Parvanova et al. (2013) tested the efficacy of SLV306 in 45 patients with type 2 diabetes mellitus who had albuminuria and were already receiving the angiotensin receptor antagonist losartan, together with up to two additional anti-hypertensive drugs, in a randomized, crossover, double-blind, placebo-controlled trial. Although 8 weeks of treatment with SLV306 together with losartan did not significantly alter urinary albumin excretion or renal haemodynamic measures, the authors showed for the first time that the combination decreased ambulatory BP (particularly for systolic hypertension) in this patient group that are often resistant to treatment. There was a small, but significant increase in plasma big ET-1, consistent with ECE inhibition, but surprisingly not in pro-ANP. Increases in the natriuretic peptides was measured in healthy volunteers by Seed et al. (2012). Interestingly, the effect of SLV306 in this study on BP was higher at night (10 versus 12 mmHg). This is of potential importance as increased hypertension at night is a strong cardiovascular risk factor in this patient population. The molecular mechanism is not yet known, as plasma levels of big ET-1 were not reported separately for daytime versus night. The study was comparatively short and did not reveal significant changes in albumin excretion as predicted from animal studies. Long-term trials are required to determine whether the observed lowering of BP by SLV306 will translate into longer-term renal and cardio-protection.

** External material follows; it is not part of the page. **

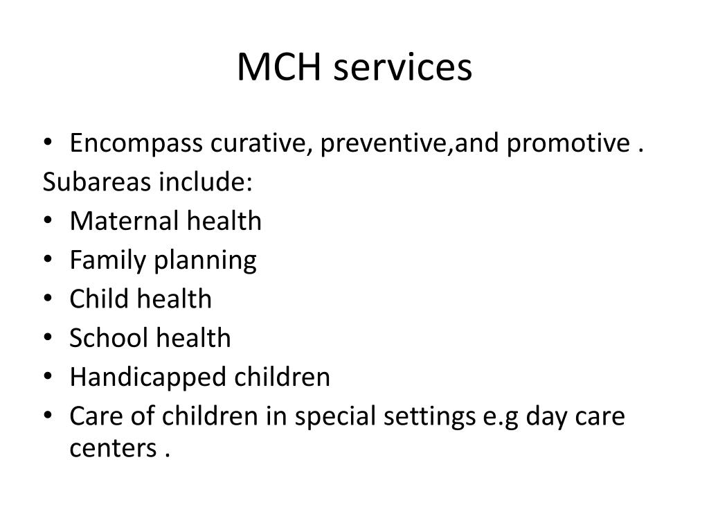 MCH services • Encompass curative, preventive,andpromotive . Subareas include: • Maternal health • Family planning • Child health • School health • Handicapped children • Care of children in special settings e.g day care centers .

SLV306 and congestive heart failure

The effect of three single oral doses of SLV306 was tested in patients with congestive heart failure who underwent right-sided heart catheterization in a randomized, double-blind, placebo-controlled design (Dickstein et al., 2004). Pulmonary pressures and right atrial pressure decreased significantly in all SLV306 dose groups with the maximum decrease occurring at 6–8 h. Despite plasma levels of the drug increasing with dose, there was no clear dose–response relationship, which may have been the result of the comparatively small numbers (18–20) in the study.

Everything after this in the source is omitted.